The tool parses the Python and extracts the requirement specifications from the declared variables and incorporates those during the install phase.

Pros

Re-uses the familiar Python syntax.
- Gets automated tooling support (consistent style through black, syntax checking and highlighting).
Re-purposes established technique established by setuptools.
Parsing is included (with every Python interpreter).
Allows for introspection by the script or other libraries (through __main__.__requires__).
Specification is dead-simple (define global variables using these names with static values).
Implementation exists and is proven to work.

Cons

Seems magical.
- Requires special handling (parsing routine).
Users may be tempted to dynamically construct the list (through runtime execution), but only static values are supported.
Pollutes globals()/__main__.
Only exposes specific features.
A Python list has more syntactic characters (,, []) than a simple list.

Variant 1: single variable

To limit polluting the namespace, the tool could solicit all possible values through a single variable, something like:

__pip_run__ = dict(
    requirements=[...],
    index_url = '...',
)

This approach might prove easier to extend. It also encapsulates the values into a namespace, avoiding proliferation of dunder-names. It is probably more tedious to use, though.

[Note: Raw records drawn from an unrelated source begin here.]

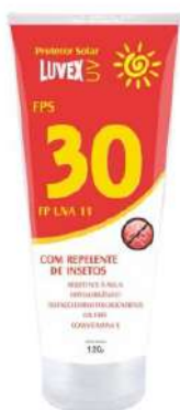
CREME BLOQUEADOR C/ REPELENTE 30 - LUVEX COD: 420 - BA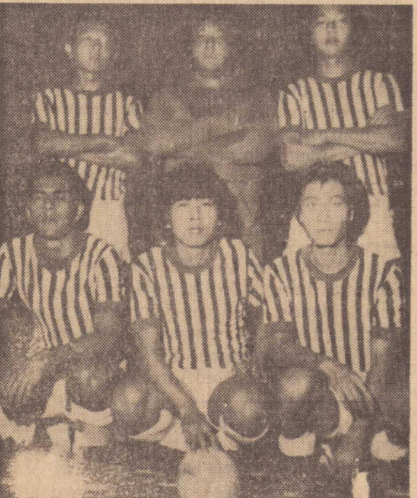
Equipe do Mitsubishi, vice-campeã do Campeonato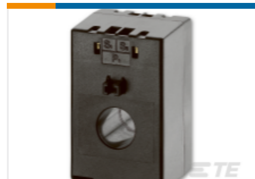
TE 产品编号 EB8966-000 CI-M65F-75/5

jaraco commented 4 years ago

Option 2: Requirements.txt in comments

This approach re-uses the requirements.txt syntax but as a multi-line comment in the script. Example:

#!/usr/bin/env python
# Run this with pip run

# requirements:
# -i http://my.corp/index
# pymongo
# requests >= 2

import pymongo
import requests
...

Some features of requirements.txt files might be excluded. The tool will parse out the values and will execute them as if they had been passed as their equivalent options on the command-line.

Pros

Allows for re-use of most/all of familiar requirements.txt support.
Avoids interacting with the execution (completely ignored at run time).
Re-uses existing requirements.txt syntax.

Cons

Users may expect to be able to use unsupported features of requirements.txt.
Python and requirements.txt syntaxes are entangled.
- Requires adding prefix characters (# and space) to every line.
Requires a specialized parser to recognize/extract lines.
- And a spec for the syntax.
Requires parsing and interpreting the file's contents.
Declared requirements cannot be readily inspected by the script or other libraries.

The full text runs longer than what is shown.